The multi-billion dollar project, involving the construction of a pipeline from Azerbaijan’s oil fields in the Caspian to the Turkish port city of Ceyhan, is a prime example of geopolitical considerations prevailing over economic logic. The shortest and most feasible export route for the Azeri crude would have been through Iran to the Gulf. But with the US labelling the Islamic republic a supporter of international terrorism and a member of the ‘axis of evil’, the option was never a serious consideration.

The emergence of the pipeline project can be seen as an attempt by the US to secure an alternative source to Gulf crude and to gain long-term access to the Caspian’s 10,000 million barrels of proven oil reserves. The decision to push ahead with the Baku-Ceyhan line means the Middle East misses out on a landmark scheme.

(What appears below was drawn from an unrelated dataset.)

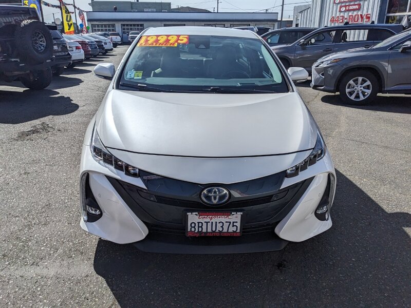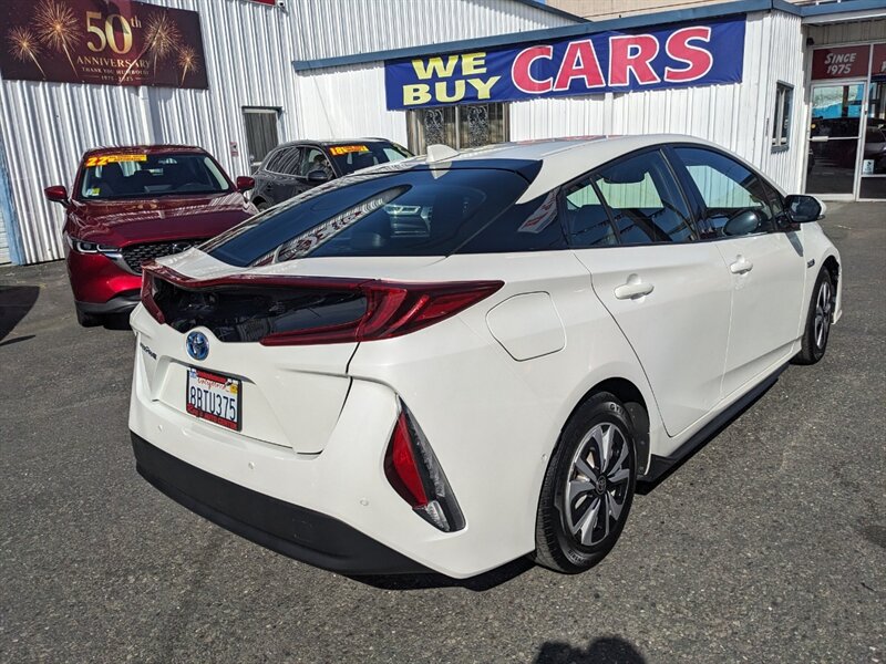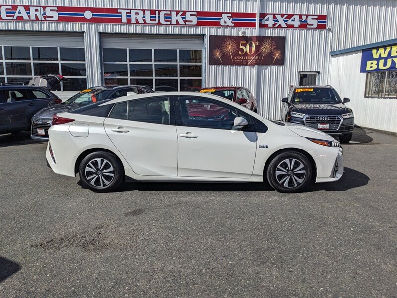 This 2017 Toyota Prius Prime Advanced in Super White with a Black leatherette interior is a fuel-efficient choice, boasting 55 MPG in the city and 53 MPG on the highway. Powered by a 1.8L Plug-in Hybrid I4 121hp engine, this vehicle is in excellent overall condition with only one owner. The factory default features include advanced technology such as a large touchscreen display, navigation system, adaptive cruise control, lane departure alert, heated front seats, and a premium audio system. Experience eco-friendly driving with this sleek and reliable hybrid vehicle. Roy's Auto Center is open 7 days a week. Give us a call at 707-443-7697 or stop by and take it for a test drive today!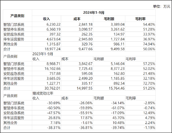 对于业绩大幅变脸,公司称,2024年前三季度,公司业绩下滑主要系终端市场需求不足及宏观经济因素的叠加影响,公司智慧停车、智慧门禁两大主营业务市场表现不及预期。受智慧停车、智慧门禁等产品增量市场需求萎缩的影响,公司2024年前三季度营业收入较上年同期下降38.31%,受此影响公司销售毛利额较上年同期减少6264.88万元,导致公司归母净利润大幅下降,归母净利润金额较上年同期减少6419.05万元。需要指出的是,智慧停车、智慧门禁两大主营业务2024年前三季度收入跌幅分别为30.69%、60.5%。

The project has been on the drawing board since the mid-1990s. First identified as a potential export route in 1995, the scheme was long considered as being commercially unattractive. However, with strong backing from Washington and major international oil companies, as well as an upward revision in the crude reserves of the Azeri-Chirag-Gunashli (ACG) field, the project has managed to overcome the challenges.

Plans for the pipeline scheme have rapidly come together this year, most notably on 1 August when 10 oil companies signed up for the Baku-Tbilisi-Ceyhan Pipeline Company (BTC), which will construct, own and operate the pipeline. Its shareholding brings together the major players in the Western Caspian, most notably the UK’s BP, Azerbaijan’s Socar, Norway’s Statoil, Unocal of the US, Italy’s Eni and France’s TotalFinaElf.

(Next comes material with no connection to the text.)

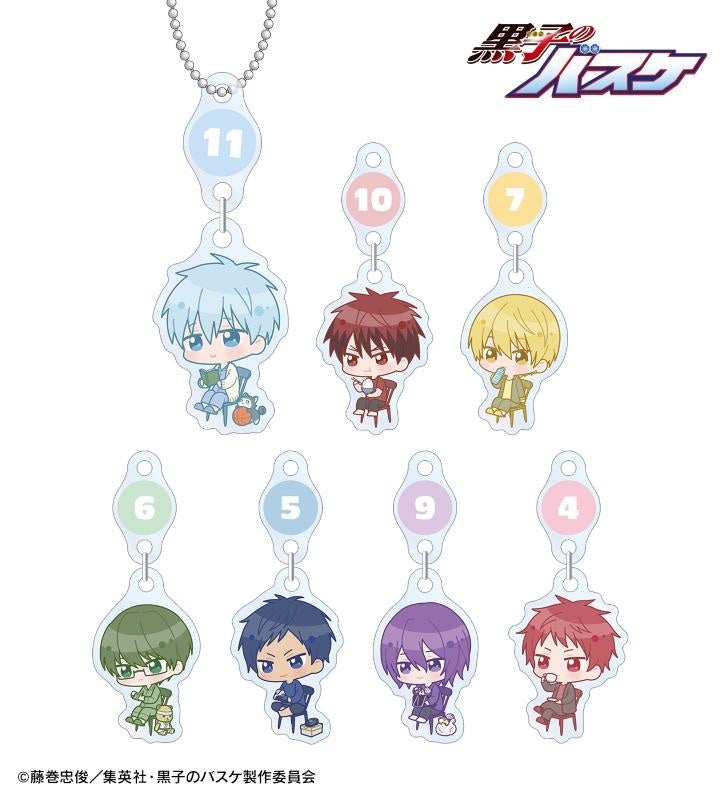 黒子テツヤ、火神大我、黄瀬涼太、緑間真太郎、青峰大輝、紫原 敦、赤司征十郎の描き起こしちびキャライラストと各キャラクターの背番号をメインにデザインし、ゆらゆら動くアクリルキーホルダーに仕上げました。

Some 70 per cent of the estimated $2,900 million project costs will be raised from international institutions, including the European Bank for Reconstruction & Development (EBRD) and the World Bank. It is understood that the US Export-Import Bank is another potential lender for the scheme. The remaining 30 per cent will be in the form of BTC equity.

BTC has wasted little time in getting down to business. Just days after its formation, the venture approved the award of the engineering, procurement and construction (EPC) contracts for the Azeri and Georgian sections of the pipeline. Athens-based Consolidated Contractors International Company (CCC) took the EPC package for the $150 million Azerbaijan section of the pipeline. In addition to laying a 442-kilometre pipeline, CCC will build 22 valve stations and pigging facilities under the 37-month contract. Responsibility for building the 248-kilometre Georgian section rests with Sharjah-based Petrofac International in partnership with France’s Spie Capag, which was awarded the $600 million contract. Engineering for both packages was carried out by the US’ Bechtel International.

Turkish state-owned firm Botas is the turnkey contractor for the 1,060-kilometre pipeline in Turkey. Germany’s Pipeline Engineering (PLE) carried out the basic engineering for the section, while ILF Consulting Engineers, also of Germany, won in 2001 the contract for detailed design and consultancy services.

The 1,760-kilometre-long pipeline runs across some of the most inhospitable terrain in central Asia. Due to differences in altitude along the route, the diameter of the 1 million-barrels-a-day line will vary. It will start off in Azerbaijan at 42 inches, rise to 46 inches in Georgia and revert to 42 inches on its arrival in southeast Turkey.

Construction is due to begin in early 2003 once the design and preliminary survey work has been completed. Pipeline laying is expected to be finished by mid-2004, allowing for oil fill to begin in line with commissioning of the first-phase development of the ACG field.